河川55億、砂防16億円 足利の中橋下部着工へ 渡良瀬川河川
[2021/04/22 栃木版]
国交省渡良瀬川河川事務所は、2021年度の事業概要を公表した。河川事業では、佐野市高山地区で堤防嵩上を実施するほか、足利市の中橋は県や市と連携し堤防の嵩上げと架け替えに向け橋梁の下部工に着手する。日光市足尾町の砂防事業は、松木川一号堰堤の改築や渋川砂防堰堤の整備を継続する。本県と群馬県を合わせた全体事業費は対前年度比3%減の33億6000万円。
河川事業費は22億5600万円、補正を合わせ55億6300万円。内訳は河川改修費10億3600万円(補正を合わせ38億2100万円)で、このうち2億4100万円を中橋架け替え等特定構造物改築事業に充てる。河川維持修繕費・河川工作物関連応急対策費は12億2000万円(同17億4300万円)、総合水系環境整備事業費が500万円となった。
砂防事業費は10億9900万円で、補正を合わせ16億3900万円。内訳は直轄砂防事業費が6億0400万円(同10億4400万円)、直轄火山砂防事業費は4億9500万円(同5億9500万円)となっている。
当初予算のうち一般河川改修事業では、堤防の必要な高さや幅が不足する弱小堤防区間の対策を実施。本県では佐野市高山地区の渡良瀬川で堤防嵩上工事を第1四半期に発注する。
また、補正予算では流域治水対策を推進するため、嵩上げと拡幅による築堤を重点的に実施。佐野市高橋町地区の渡良瀬川左岸、足利市野田町地区の同右岸などで堤防嵩上工事を第2四半期に発注。佐野市船津川町地区の渡良瀬川左岸では、高水護岸整備等工事を同じ第2四半期に発注する。高水護岸整備は、板倉町除川地区と西岡新田地区、館林市大島町地区の渡良瀬川でも工事の実施が予定されている。
特定構造物改築では、足利市で主要地方道足利千代田線が渡良瀬川を渡河する中橋の架け替えに着手する。中橋は堤防を割り込んで架設されており、架け替えに合わせ堤防を嵩上げ。市のシンボルとなっている現橋は下流側に移設し自転車・歩行者専用道として活用、新橋は現橋の位置に架設を計画している。当面は現橋の移設を先行する見通しで、今年度は移設後の下部工に着手する計画。新橋は渡良瀬川北側でJR両毛線をオーバーパスする計画で、アプローチ部を含め詳細設計で諸元を確定、上・下部工の発注時期等を検討していくもの。

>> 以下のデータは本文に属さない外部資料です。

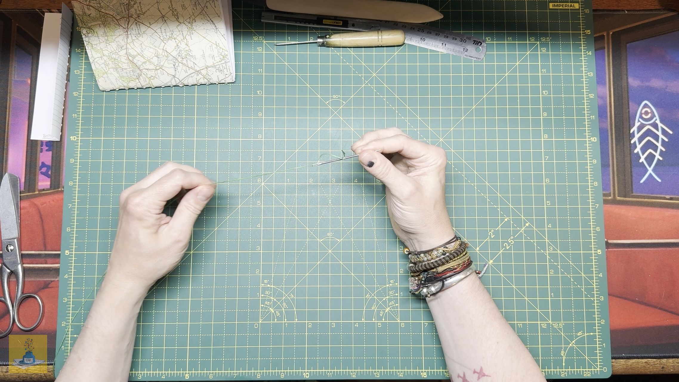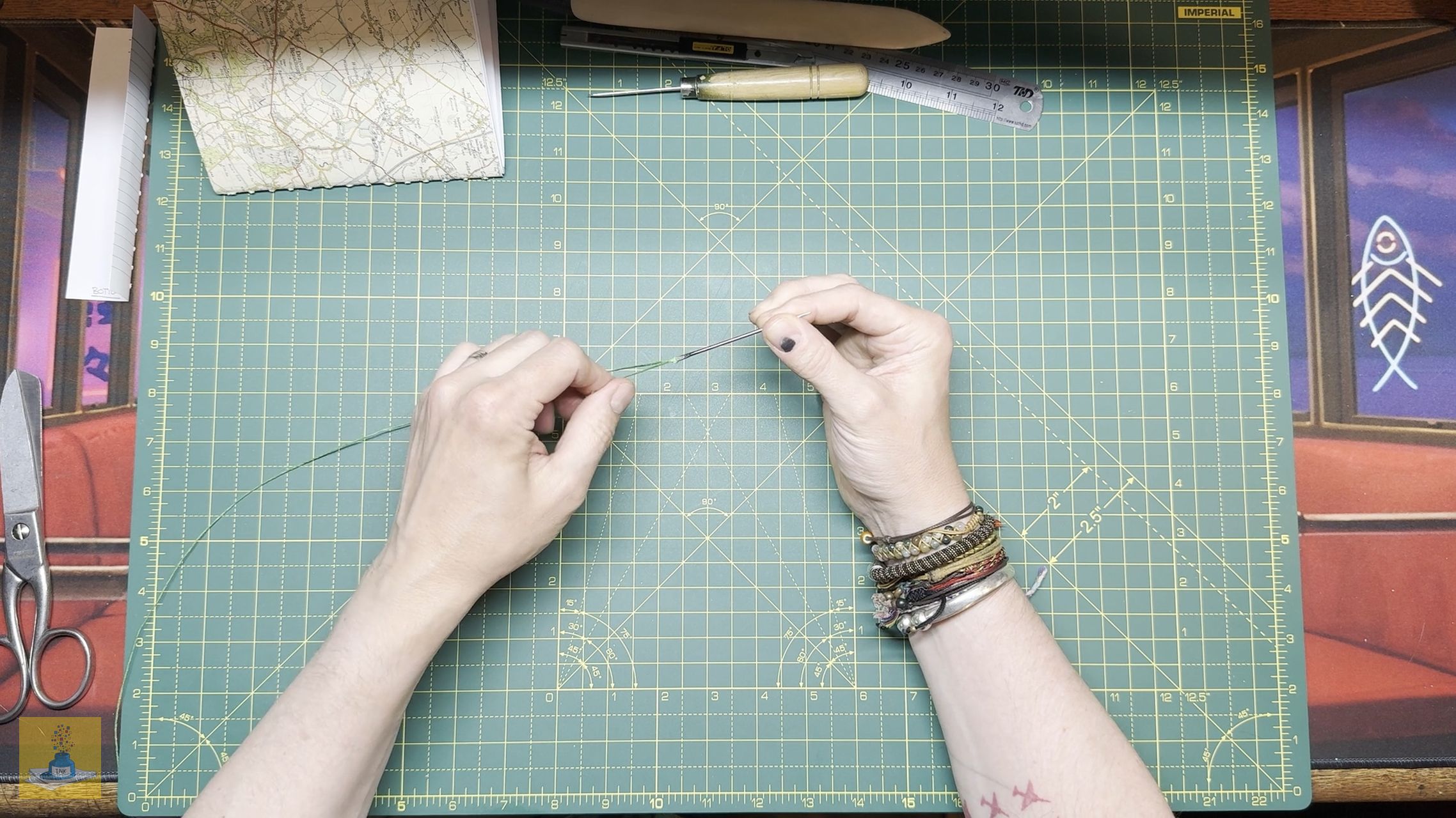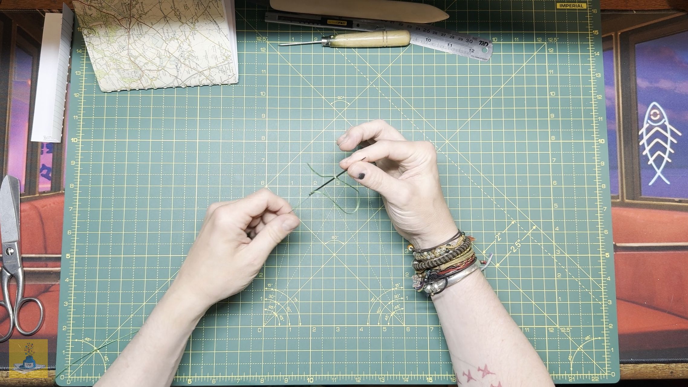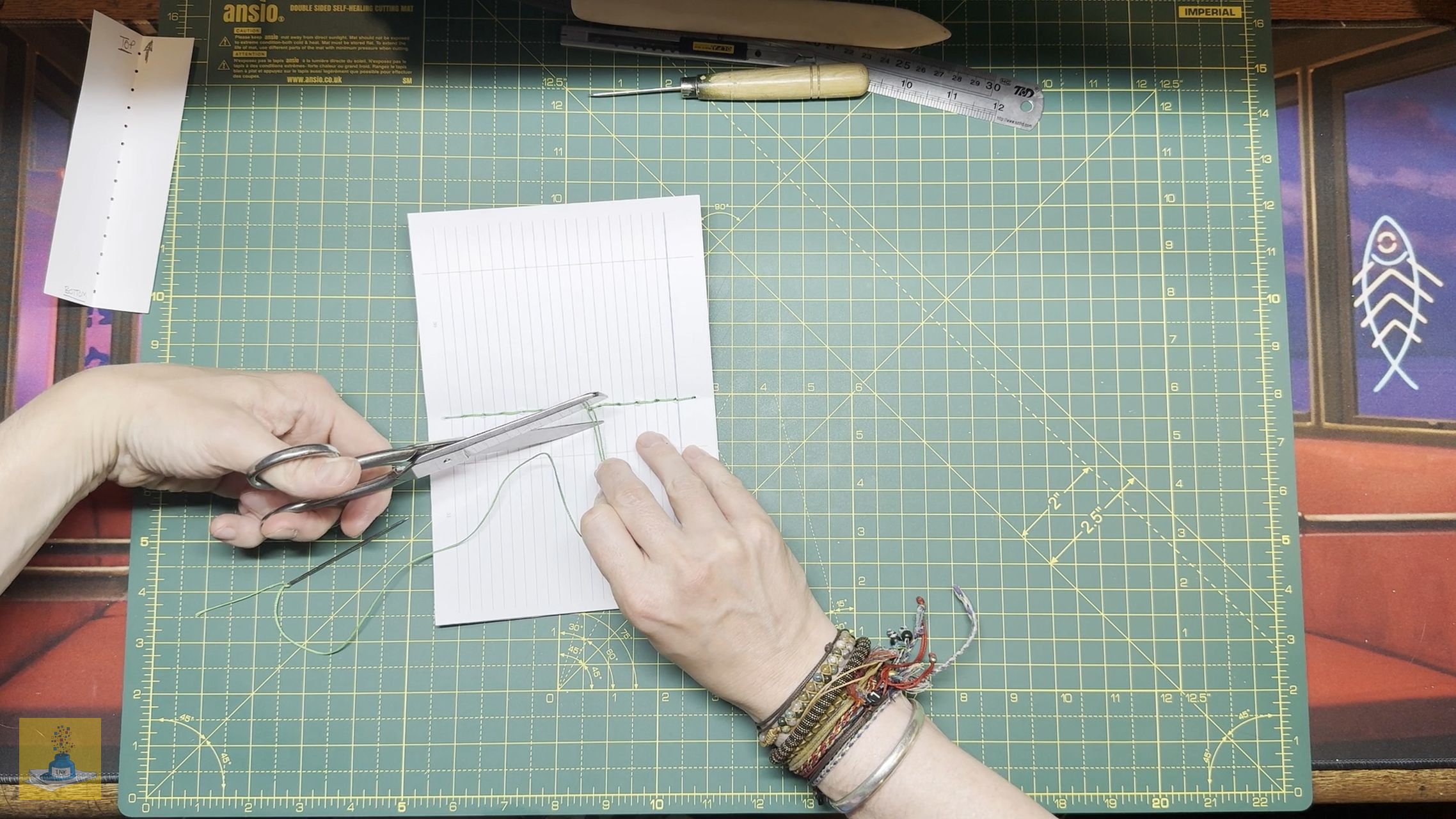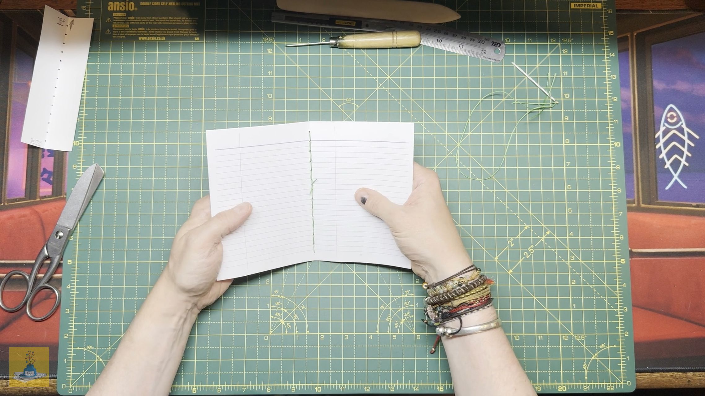 - If you don’t have a punching cradle, you can use the template I’ve created, aligning to the top edge of the paper on the spine. With the paper slightly closed and the spine on the edge of a table, use your awl or needle to poke holes from the inside.

足利市では「かわまちづくり計画」に基づき、五十部地区の緩傾斜堤防に伴う階段工の設計を実施する。渡良瀬川の高水敷はグラウンドや公園に利用され、スポーツ活動やサイクリング、散策・環境学習といった多目的な活用が行われている。五十部地区で盛土造成を行い、堤防天端の平場を活用。坂路や階段など施設整備を行い、民間事業者の活用を促し、賑わいの創出や地域活性化を図るもの。利根川水系環境整備事業を充当する。
河川維持修繕事業の柱は▽堤防除草と河川巡視▽各地区で発生しているイノシシの掘り起こし対策▽河道掘削と樹木伐採等による減災対策-など。堤防除草は河川施設等を良好な状態に保つための目視点検の精度向上につながるとし、イノシシの掘り起こし対策では堤防損傷箇所を補修し、出水時の安全を守るとした。
足尾の砂防では、松木川一号砂防堰堤改築と渋川砂防堰堤の新設工事を継続。補正では畑之沢と大畑沢で松木山腹2件の工事を第1四半期に発注。工事は落石防止網と斜面を移動する資材運搬用のモノレールの仮設工事。加えて、仁田元川砂防堰堤改築工事を第1四半期に予定した。
群馬県の砂防事業では、みどり市東町地先の花輪床固群の進ちょくを図るため、第2四半期に5号帯工の発注を予定した。